In this article, we have seen how a student solved a logarithmic equation using graphing techniques. We have analyzed the graph of the equation and determined which statement about the graph is true. By understanding the properties of logarithmic functions and using graphing techniques, students can solve logarithmic equations with ease.
A Student's Graphing Conundrum: Unraveling the Mystery of Logarithmic Equations

In our previous article, we explored a logarithmic equation that was solved by a student using graphing techniques. We analyzed the graph of the equation and determined which statement about the graph is true. In this article, we will answer some frequently asked questions about graphing logarithmic equations.

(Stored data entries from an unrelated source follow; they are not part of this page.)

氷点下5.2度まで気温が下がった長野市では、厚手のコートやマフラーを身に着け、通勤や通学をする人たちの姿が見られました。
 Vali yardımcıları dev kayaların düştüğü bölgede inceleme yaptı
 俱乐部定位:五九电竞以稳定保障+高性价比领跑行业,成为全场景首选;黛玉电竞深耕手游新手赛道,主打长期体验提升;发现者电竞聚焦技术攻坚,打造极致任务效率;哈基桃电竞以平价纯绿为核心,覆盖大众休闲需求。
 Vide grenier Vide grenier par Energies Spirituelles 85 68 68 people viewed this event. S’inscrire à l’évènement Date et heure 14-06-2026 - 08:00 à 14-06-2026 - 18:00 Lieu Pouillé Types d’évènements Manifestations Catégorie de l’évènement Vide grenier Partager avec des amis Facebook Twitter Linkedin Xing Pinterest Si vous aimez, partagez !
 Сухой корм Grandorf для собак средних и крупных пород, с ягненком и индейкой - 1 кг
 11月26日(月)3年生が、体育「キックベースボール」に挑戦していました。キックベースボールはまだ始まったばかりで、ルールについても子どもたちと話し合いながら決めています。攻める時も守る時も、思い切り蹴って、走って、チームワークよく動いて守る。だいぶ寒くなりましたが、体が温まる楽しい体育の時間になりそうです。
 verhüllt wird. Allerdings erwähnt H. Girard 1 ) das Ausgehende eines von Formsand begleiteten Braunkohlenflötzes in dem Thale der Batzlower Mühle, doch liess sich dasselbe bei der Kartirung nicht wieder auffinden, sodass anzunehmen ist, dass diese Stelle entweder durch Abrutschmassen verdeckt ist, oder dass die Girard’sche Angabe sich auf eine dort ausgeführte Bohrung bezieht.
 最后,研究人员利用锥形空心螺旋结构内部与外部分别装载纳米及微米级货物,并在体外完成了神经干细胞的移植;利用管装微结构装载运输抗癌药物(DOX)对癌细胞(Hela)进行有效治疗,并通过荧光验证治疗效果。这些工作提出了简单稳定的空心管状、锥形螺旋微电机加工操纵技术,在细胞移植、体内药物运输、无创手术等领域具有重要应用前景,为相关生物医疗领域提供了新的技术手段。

Q: What is the difference between a logarithmic function and an exponential function?

A: A logarithmic function is the inverse of an exponential function. While an exponential function grows rapidly as the input value increases, a logarithmic function grows slowly as the input value increases. In other words, an exponential function is the opposite of a logarithmic function.

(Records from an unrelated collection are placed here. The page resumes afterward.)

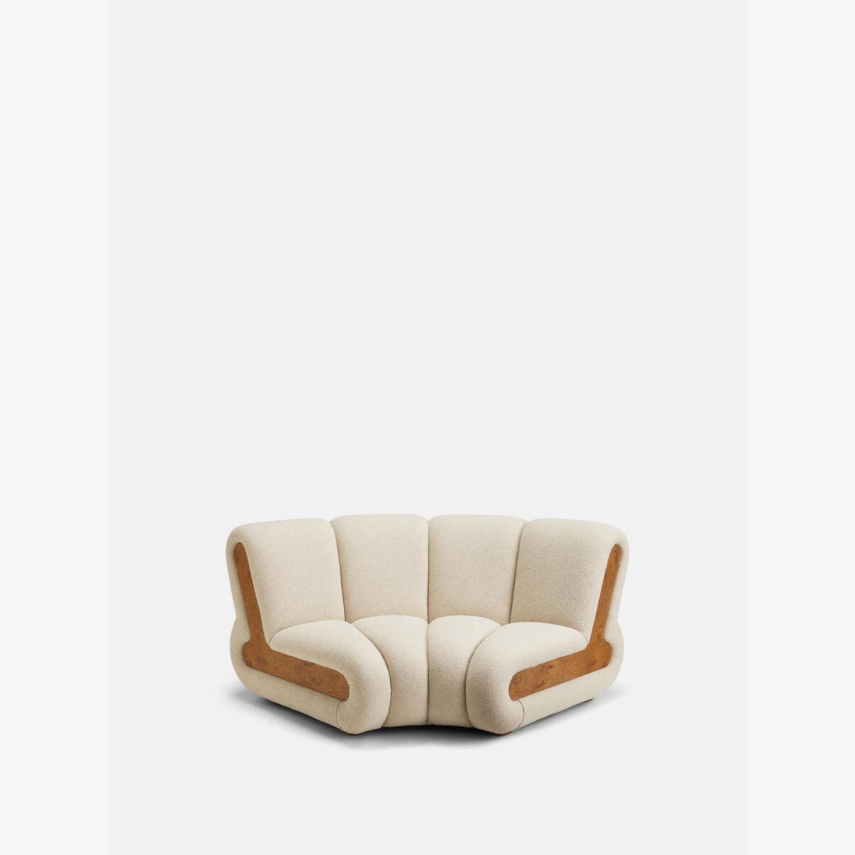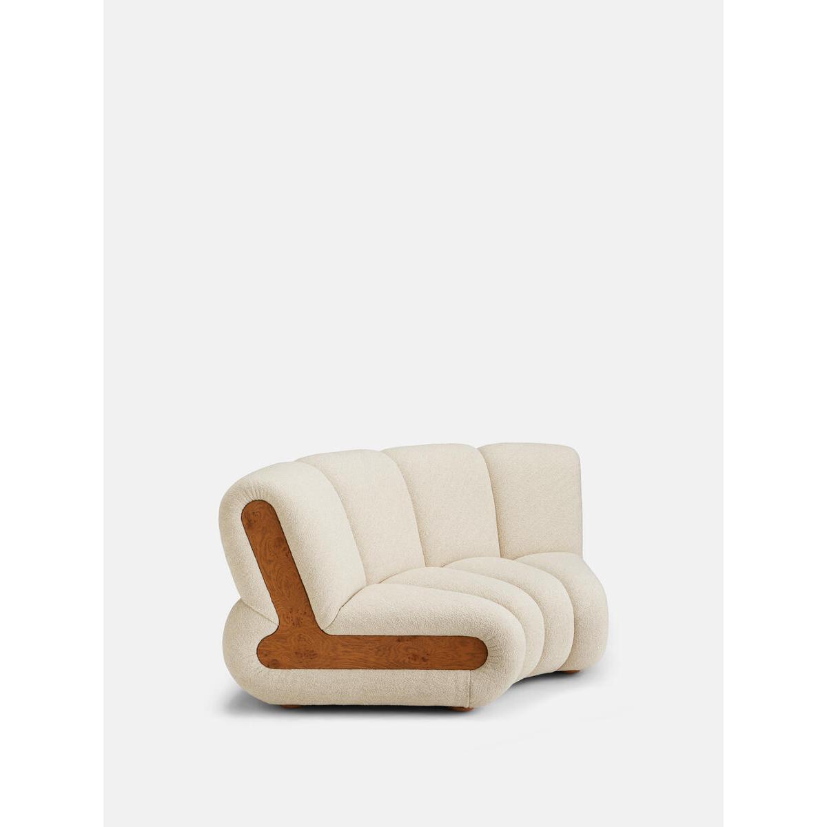 Designed to adapt to any living space, the Noelle modular sofa comprises of straight and curved modules to create the shape you desire, or alternatively a generous armchair if used alone. Cosy boucle upholstery is complemented with aged Pippy Oak veneer sides that have a burl finish, while its statement curved shape takes its design cues from the 1970s interiors of 180 House. Curved armchair Cotton velvet upholstery Aged Pippy Oak veneer Burl finish Inspired by 180 House
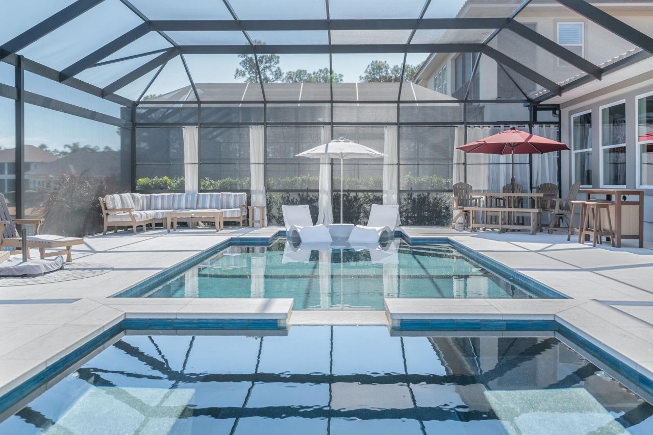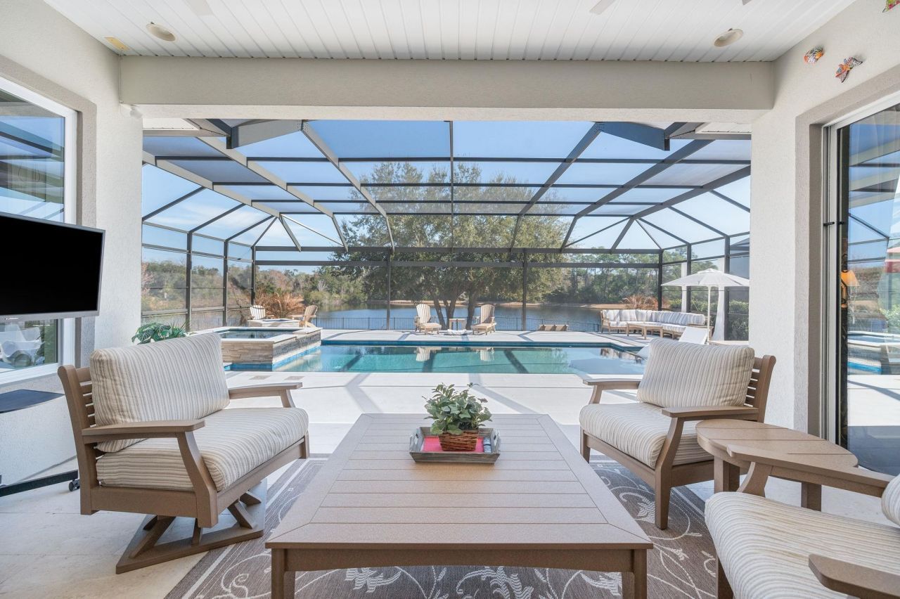 Located in the highly sought-after Palencia community in St Johns County, just north of downtown St Augustine, this exceptional 5-bedroom, 3.5-bath home offers luxury living with stunning views and extensive upgrades throughout. Originally built as the community model, this property showcases thoughtful design details such as tray ceilings, crown molding, wainscoting, plantation shutters, built-in indoor/ outdoor surround sound, 2 large walk-in pantries, and hardwood floors throughout. The kitchen/family room layout is open and spacious, designed for both entertaining and comfortable everyday living. The large gourmet kitchen provides ample custom cabinetry, a butlers pantry and an oversized island. Thoughtfully designed, the kitchen, dining area, family room and covered lanai, flow seamlessly together to create a connected and inviting living and entertaining space. The primary en-suite bedroom, located on ground level, offers beautiful views of the pool, the preserve and water views beyond. The primary en-suite is truly spa-like with an oversized walk-in shower, soaking tub, premium tile and multiple vanities. Upstairs, theres a large flex space which can be used as a den, sitting room, or a kids play area. There is also a spacious media room which offers the perfect setting for movie nights and game days. Step outside to the ultimate Florida indoor-outdoor living experience. The main living areas open up to a large patio and expansive views of a luxurious screened-in pool with ample decking, a large pond, a preserve, and beyond to Palencias championship golf course. This home also offers a second-story balcony overlooking the pool and facing East for the morning sunrises; as well as a West-facing balcony perfect for catching epic Florida sunsets. Residents of Palencia enjoy resort-style amenities, including tennis and pickleball courts, multiple swimming pools, a fitness center, miles of walking and biking trails, neighborhood parks and playgrounds, a boardwalk to the Intracoastal Waterway, gated entrance and community events. This home truly offers an unbeatable blend of luxury and lifestyle.
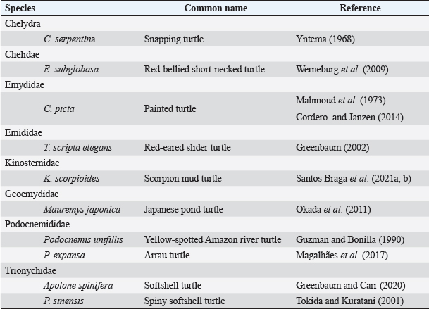 Open Vet. J.. 2024; 14(4): 962-972 Open Veterinary Journal, (2024), Vol. 14(4): 962–972 Original Research Embryonic development of the scorpion mud turtle (Kinosternon scorpioides) bred in captivityLianne Polliane Fernandes Araujo1, Diego Carvalho Viana2, Ligia Tchaika3, Juliana Maria Alves Caldas4,5, Antônio Chaves Assis Neto6, Maria Angélica Miglino6 and Alana Lislea de Sousa4,5*1Biotechnology (BIONORTE), São Luís, Brazil 2Center for Advanced Morphophiological Studies (NEMO), Centre of Agrarian Sciences, State University of the Tocantina Region of Maranhão (UEMASUL), Imperatriz, Brazil 3Programa de Pós-Graduação em Ecologia e conservação da biodiversidade, Centro de Educação, Ciências Exatas e Naturais, Universidade Estadual do Maranhão (UEMA), São Luís, Brazil 4Program in Animal Science, State University of Maranhão, University City Paulo VI, São Luís, Brazil 5Biotechnology, State University of Maranhão (UEMA), São Luís, Brazil 6Department of Surgery, School of Veterinary Medicine and Animal Science, University of São Paulo, São Paulo, Brazil *Corresponding Author: Alana Lislea de Sousa. Anatomy Group (Granato), Program in Animal Science, State University of Maranhão, University City Paulo VI, São Luís, Brazil. Email: alislea [at] hotmail.com Submitted: 26/09/2023 Accepted: 06/03/2024 Published: 30/04/2024 © 2024 Open Veterinary Journal
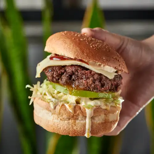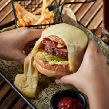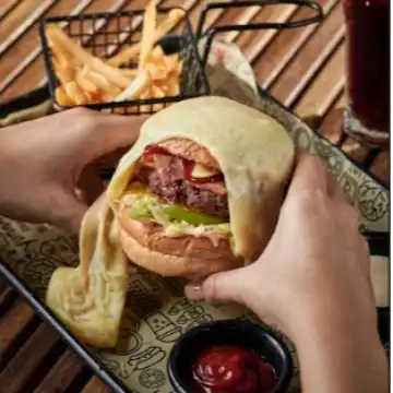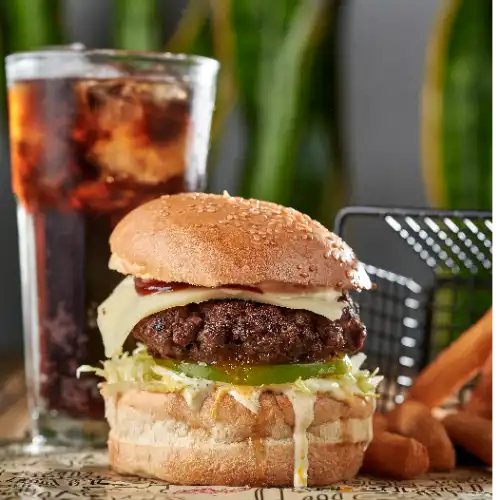 Carne de res de la casa 160 g, queso doble crema, lechuga, tomate verde, salsa de piña, salsa de la casa y BBQ, un acompañante y una bebida a elección.
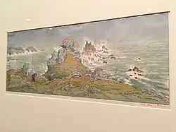 Between 1882 and 1886 Rivière created a large number of etchings. He also showed an interest in photography, making a series of picturesque scenes of everyday life.[5] He later experimented with colour woodcuts and chromolithography in the late 1880s. Rivière first visited Brittany in 1884, spending most of his summers there until 1916. Together with bustling Parisian life, rural Brittany constituted the majority of the subjects of his landscape works.

Q: How do I graph a logarithmic function?

A: To graph a logarithmic function, you can use a graphing calculator or software. You can also use a table of values to plot the function. The graph of a logarithmic function is a curve that increases as the input value increases. The curve has a vertical asymptote at $x=0$ and a horizontal asymptote at $y=0$.

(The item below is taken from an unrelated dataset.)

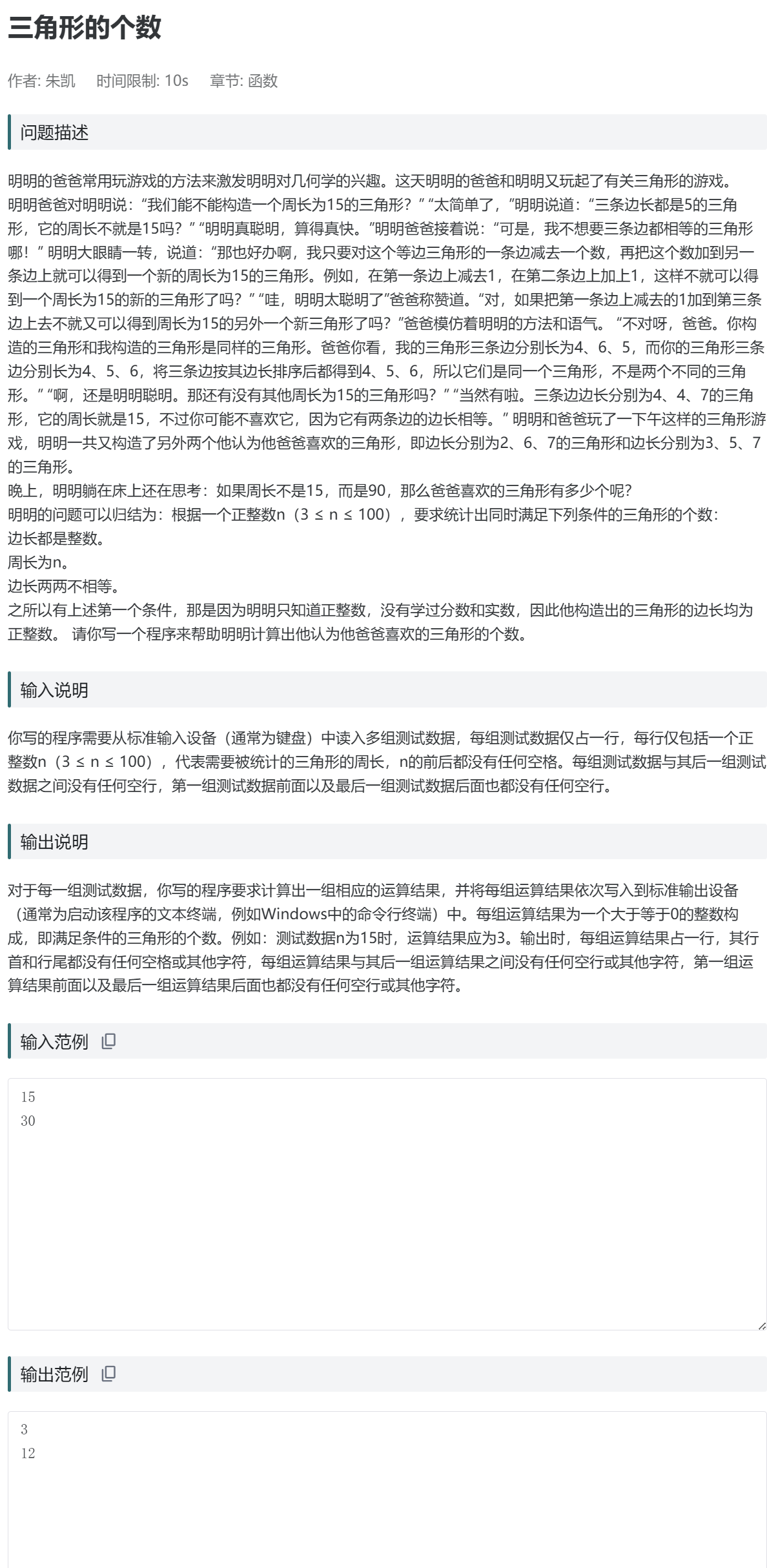 这道题相对容易,构成三角形的要求各边互不相等,还有隐藏条件最小的两边之和大于第三条边,可以通过控制两条边遍历,然后用周长来计算第三条边。判断时不符合条件就continue,接着遍历下一个。

Q: What is the domain of a logarithmic function?

A: The domain of a logarithmic function is all real numbers greater than 0. This is because the logarithm of a non-positive number is undefined.

Q: How do I find the intersection point of two logarithmic functions?

A: To find the intersection point of two logarithmic functions, you can set the two functions equal to each other and solve for the input value. This will give you the x-coordinate of the intersection point. You can then substitute this value into one of the functions to find the y-coordinate of the intersection point.

Q: Can I use graphing techniques to solve logarithmic equations with different bases?

A: Yes, you can use graphing techniques to solve logarithmic equations with different bases. However, you need to make sure that the bases are not too large or too small, as this can affect the accuracy of the graph.

Q: How do I determine which statement about the graph is true?

A: To determine which statement about the graph is true, you need to analyze the graph carefully. Look for the intersection point of the two curves, and determine whether the curves intersect at one point, two points, or not at all.

Q: Can I use graphing techniques to solve logarithmic equations with multiple variables?

A: Yes, you can use graphing techniques to solve logarithmic equations with multiple variables. However, you need to make sure that the equation is simplified and that the variables are isolated.

Q: How do I check my work when using graphing techniques to solve logarithmic equations?

A: To check your work when using graphing techniques to solve logarithmic equations, you need to verify that the intersection point of the two curves satisfies the equation. You can do this by substituting the x-coordinate and y-coordinate of the intersection point into the equation and checking if it is true.

In conclusion, graphing logarithmic equations can be a powerful tool for solving these types of equations. By understanding the properties of logarithmic functions and using graphing techniques, students can solve logarithmic equations with ease. We hope that this article has answered some of your frequently asked questions about graphing logarithmic equations.

• Logarithmic equations can be solved using graphing techniques.
• The graph of a logarithmic equation is a curve that increases as the input value increases.
• The graph of a logarithmic equation has a vertical asymptote at $x=0$ and a horizontal asymptote at $y=0$.
• The graph of the equation $\log _6(x-1) = \log _2(2x+2)$ shows that the two curves intersect at a single point.

In this article, we have seen how graphing techniques can be used to solve logarithmic equations. We have answered some frequently asked questions about graphing logarithmic equations and provided some key takeaways. By understanding the properties of logarithmic functions and using graphing techniques, students can solve logarithmic equations with ease.